Line It Up: The Benefits of Seeing a Chiropractor

Keep the spine in line with restorative and preventative chiropractic maintenance.


photos by JOHN ALTDORFER

I could feel the sweat begin as my car crawled along Forbes Avenue in Oakland. It felt like I was catapulted into a twisted survival game. The object? Make it from one block to the next without taking out an oblivious pedestrian. Or two. Or 10. Everyone seemed far more interested in staring down at their iPhones than at the line of oncoming traffic about to turn them into hood ornaments.

“Tech neck. We walk around hunched over our iPhones like this, not paying attention,” a friend explains, contorting into a modern-day Quasimodo.

I realized I had seen that posture before. Well, felt it at least. Not while crossing the street, but while writing on my laptop, which is why I find myself face down on an adjustment table at Quitko Family Chiropractic.

“It’s easy to blame muscles on everything, but it is all about your posture and alignment,” says chiropractor Rich Quitko. “When you’re sitting at the desk, what’s happening? You’re leaning forward, looking down. Doing that 8, 10, 12 hours without taking breaks puts the head out of alignment and then it starts to pull on all the muscles of the neck, causing them to get very tight and go into spasm.”

Based on the sign hanging in his window, I guess I’m in good company: Relief from Headaches, Low Back Pain, Neck Pain, Shoulder Arm Pain, Hip Pain, Carpal Tunnel, Chronic Pain, Sports Injuries.  

“The crux of the treatment is to find where you are out of alignment and get that corrected so you feel better and you function better. I could massage you every single day, but until you fix the underlying cause, the pain is always going to come back,” Quitko says, rubbing BioFreeze pain relief gel into my neck and shoulders before sticking some electrode stims and ice on the tender points to relax the muscles.

Head and neck up, I’m reminded. Never bend forward at the waist. All things that immediately compromise my spine’s natural curve. “When you get chronically out of normal alignment year after year and you start to get arthritic in those joints because you are out of alignment, there becomes a point of no return. It’s rust inside of those joints, and they’re not going to move anymore,” he says.

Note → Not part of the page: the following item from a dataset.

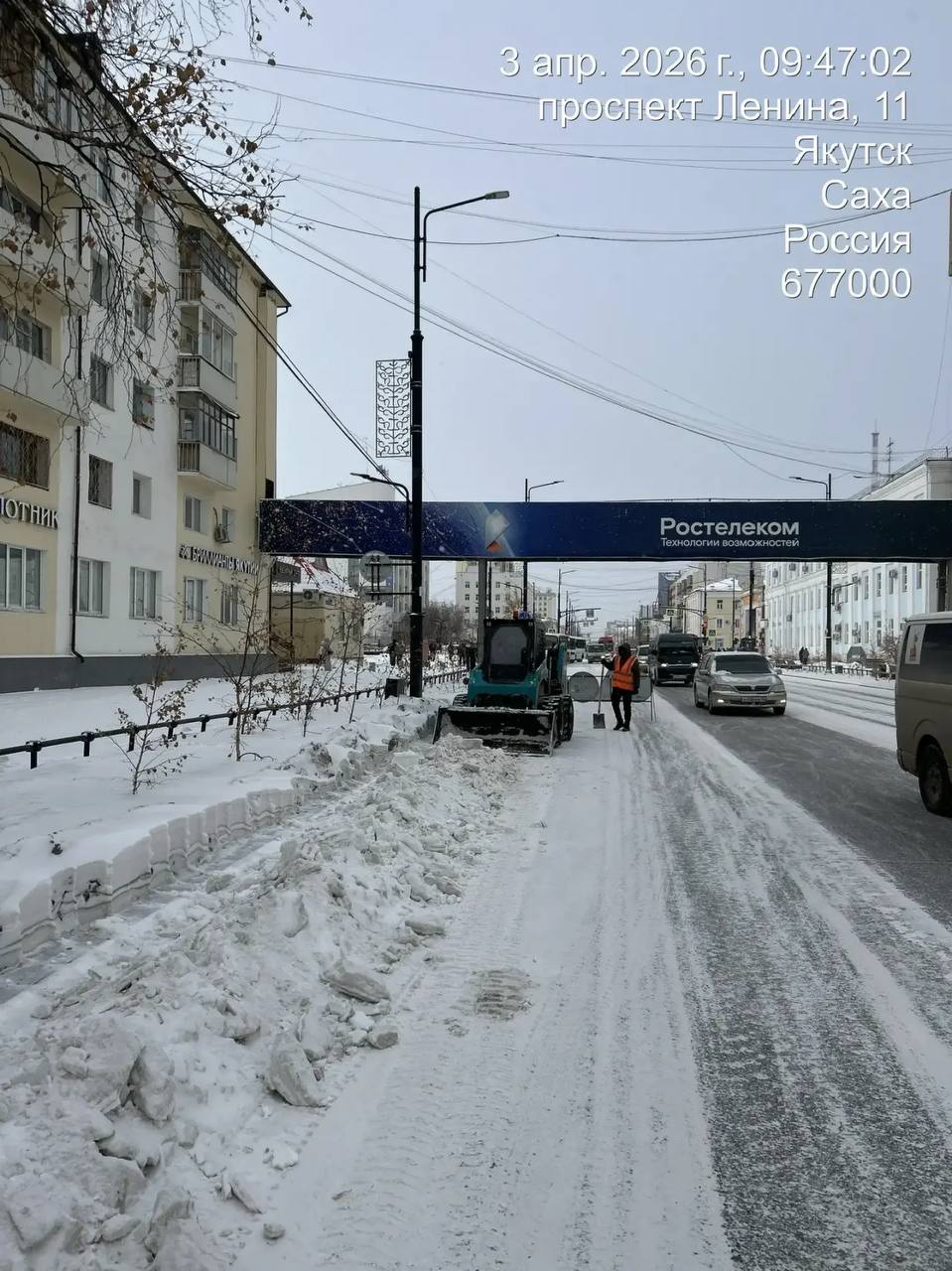 Работы по уборке снега, пр. Ленина.
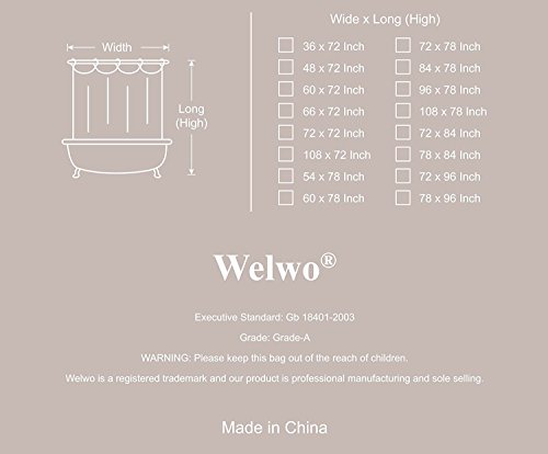Shower curtain set includes: 1x plastic bag + 1x shower curtain + free plastic shower curtain rings_hooks, Not Included: shower curtain rod. Welwo IS A REGISTERED TRADEMARK AND OUR PRODUCT IS PROFESSIONAL MANUFACTURING AND SOLE SELLING BY SusansuShop.

After a few minutes, he removes the stims and begins adjusting my neck, shoulders and back to realign my bones; spinal adjusting is the main focus of the treatment to put it back in alignment, he says. I also get another reminder, said sternly with a smile, to stop hunching over my keyboard.  

“If we look at the X-rays, and you’re really out of alignment, you need to get that fixed,” he says. “If you don’t, what’s the prognosis 5, 10, 15 years down the road? It’s people of all ages, not just the elderly, that you see using canes, walkers, wheelchairs. And that’s all preventable.”   

What I noticed afterward: Taking frequent, 2-minute breaks from sitting at the computer just to move around and stretch did wonders for my cramping muscles.